# Does being with a dual improves your use of your dominant/ suggestive function?



## Raiza1990 (Mar 30, 2017)

Hello you all,

i first learned about typology with mbti and there are many articles that state that working on your inferior function (socionics suggestive) will make you more healthy and balanced, and make you more capable in using your dominant. The explanation they give is that the approach of one´s dominant functions has it´s blind spots and therefore it is insufficient for dealing with all life problems. i was wondering:


Does being with a dual (for prolonged periods) helps in developing a new view about one´s dominant function? maybe bettering our use of it?

i mean, let´s suppose an SEE is in a dual relationship with an ILI, does the ILI´s Ni helps the SEE being more effective at using Se? what about the suggestive Ni? does it improves too?

It may be a silly question, but i was curious about what socionics theory has to say on the matter. in many duality articles i´ve read, i got the impression that duality "frees" the person of having to deal with matters regarding their suggestive function, letting them be able to focus solely on their dominant, but i´ve never encountered anything regarding the effect of duality on functional behavior. 

If there is any article on that, i would gladly read it.

i am also, of course, interested on your experiences.

Did you, or anyone you know, felt more confident using your base function ( or started to realize it´s limitations) after being provided with info from your dual´s base function? if yes, how? did it had an affect on how you experience your suggestive function as well?

Thanks for reading and thanks for the answers!


----------



## Word Dispenser (May 18, 2012)

I see it more as, when you're with your dual, you're not working against a current.
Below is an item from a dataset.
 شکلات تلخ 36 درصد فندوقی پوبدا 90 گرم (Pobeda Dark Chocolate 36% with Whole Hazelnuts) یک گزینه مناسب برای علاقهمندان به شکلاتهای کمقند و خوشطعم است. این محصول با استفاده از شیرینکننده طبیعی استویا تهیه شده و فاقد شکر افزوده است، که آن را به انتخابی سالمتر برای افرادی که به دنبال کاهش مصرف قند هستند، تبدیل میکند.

Everything is just working together. You each fill in for your weaknesses (Or, things you tend to not prefer going into), because you have them as strengths. And this is done without judgment, in the most ideal cases. 

People tend to forget that individuals are a mess. They are personalities, and preferences, and interests, and opinions. And these all matter coupled with their cognition. 
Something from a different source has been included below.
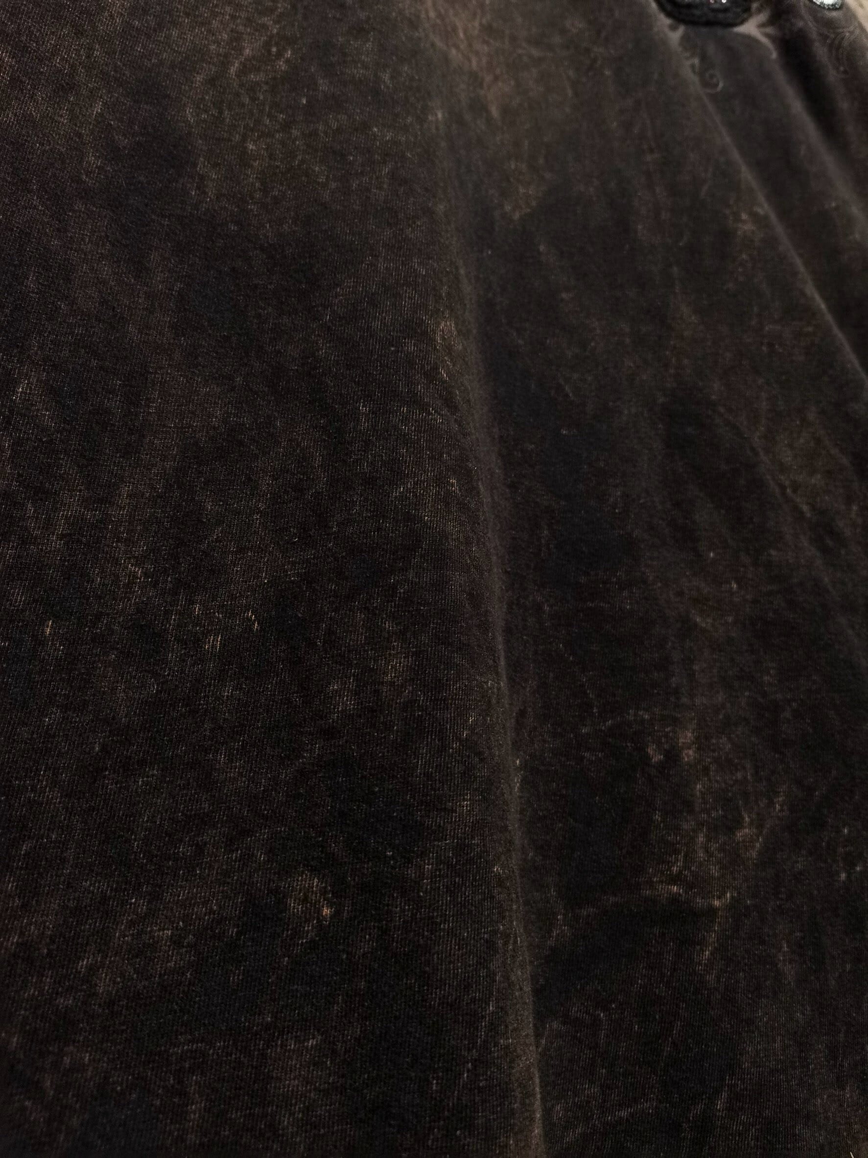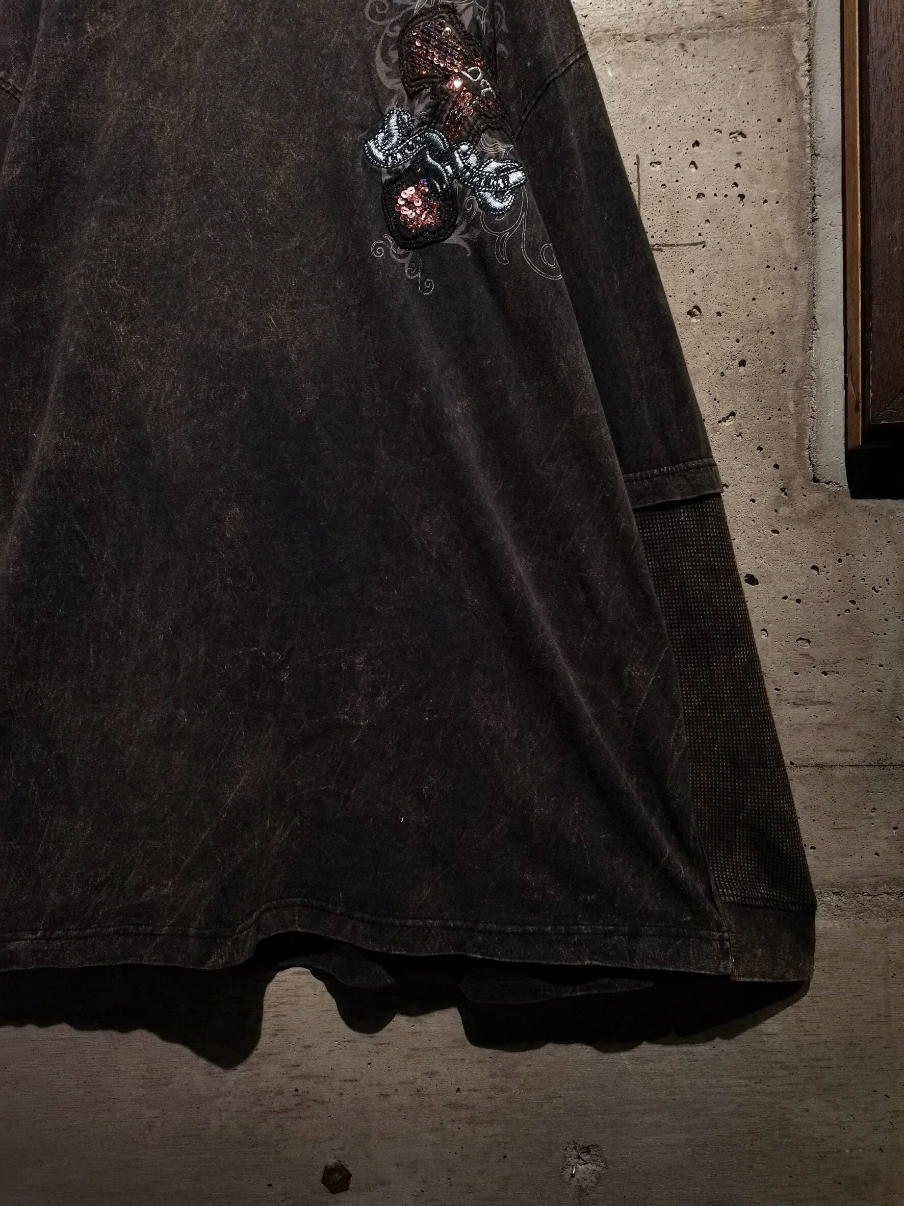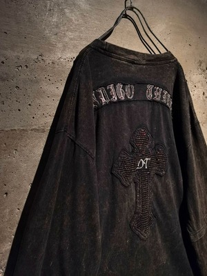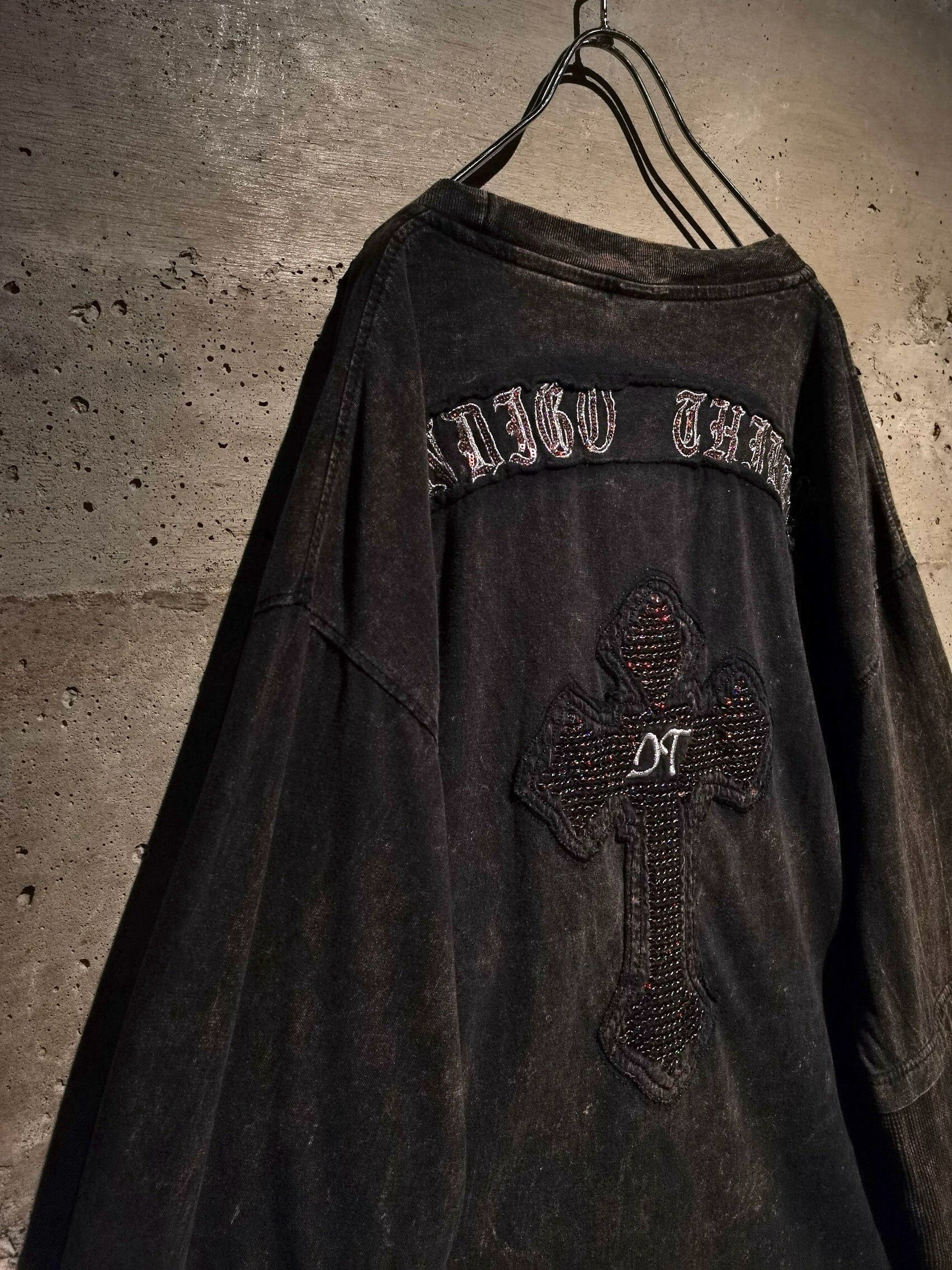 フェード風に加工が施されたボディ。左胸にはゴシック風のプリントの上からスパンコールを用いたクロス、背面にもスパンコールのブランドネームとクロスが配された、昨今のトレンド感のあるデザインが超気分。

You could meet a dual, and be very different people, who cannot get along, because you don't follow the same principles. Or, you could meet a dual, have the same sorts of interests, and opinions, and you communicate well, and it all works.

Focus less on cognitive functions as a source of improvement. They are just how you see the world. It's like saying, "Can I improve my eyesight by squinting?" Kind of, but there's no real purpose to it. It's temporary. It's a strain. 

Cognitive functions are a part of your body. You have certain preferences. You enjoy working with them more, because they are relevant to the way you see the world.

Instead, focus on things you can actually improve, that you want to improve. Everything you can learn can be improved. You're just doing it through your own cognitive lens. You learn in your own way, and you decide the best way of doing that. So, you wanna be a better public speaker? Go speak to people. You wanna learn the piano? Go learn the piano.

You're not limited by your preferences-- You are strengthened by them, on your own. Having a dual around is just pleasant, because you feel understood. But, you can be understood by anyone, dual or not. And, being around people that make you happy, tends to make you healthier, and more improved as an individual _anyway_.


----------



## Raiza1990 (Mar 30, 2017)

So, you´re saying that our use of IM can not be improved (with out without dual)?


----------



## Word Dispenser (May 18, 2012)

Raiza1990 said:


> So, you´re saying that our use of IM can not be improved (with out without dual)?


Cognitive functions aren't skills you improve at. You strengthen _yourself _over time, with experience, and practice. You control your growth by your focus.

What do you hope to achieve in life? What do you want to be better at, really?

Cognitive functions are just the motivations for our behaviour. The outline of our experiences, interests, and how we've developed to the current point.


----------



## Raiza1990 (Mar 30, 2017)

Word Dispenser said:


> Cognitive functions aren't skills you improve at. You strengthen _yourself _over time, with experience, and practice. You control your growth by your focus.
> 
> What do you hope to achieve in life? What do you want to be better at, really?
> 
> Cognitive functions are just the motivations for our behaviour. The outline of our experiences, interests, and how we've developed to the current point.


I get your point, but i still wanna know if duality has an effect on the IM. maybe i could have phrased it better, let´s try:

You´re an ILE right? what i wanna know is if being in close psychological distance with an SEI, and getting 4D Si from him, made you think differently about your Ne? realize something about it that you didin´t before? if yes, did it also had an effect on your 1D Si?


----------



## Word Dispenser (May 18, 2012)

Raiza1990 said:


> I get your point, but i still wanna know if duality has an effect on the IM. maybe i could have phrased it better, let´s try:
> 
> You´re an ILE right? what i wanna know is if being in close psychological distance with an SEI, and getting 4D Si from him, made you think differently about your Ne? realize something about it that you didin´t before? if yes, did it also had an effect on your 1D Si?


Hmm... I don't really think about my cognitive functions actively. I've tried doing it in the past, but it's more conjecture. "I think this way because (insert cognitive function here)" doesn't seem to fit. It doesn't seem conclusive. Mostly because, objectively speaking, no one seems to agree on it. It seems more opinion than anything.

I'll try to answer your question in what I _do _notice, though, with my partner. As I said, I don't know if he's my dual or not, but: Mostly, I find it a relief. Easy to be with. Happy. I can have long conversations that are enjoyable, without fear or reprimand or real conflict. Everything is light, but there's positive emotions shared and moods. I feel... INTENSE COMFORT xD. Which, I guess, is the ultimate ENTP thing, and why Si dual-seeking. Physical interaction is electric and just _feels good_. Nobody points fingers with chores-- Nothing is obligation, everything is fluid. 

I beat myself up sometimes, but I feel appreciated and lifted up. It's a great situation. It seems more mood and environment-related than anything. But, I guess because everything is so grand, I'm able to focus more easily on my goals. It's almost like, a big worry has been pushed aside and is no longer a worry any longer-- I'm taken care of in this way. It's great!

I had really begun to think that these sorts of relationships were idealistic at best. Ha, idealism wins again! :kitteh:


----------



## DavidH (Apr 21, 2017)

Casual Deterministic: This is what. This is the explanation for this.
Holographic: This is it. I will only accept this.
Vortical Synthetic: Oh, this. Oh, that. And, here. And, there.
Dialectic: This but not that. That but not this. Both but neither.


----------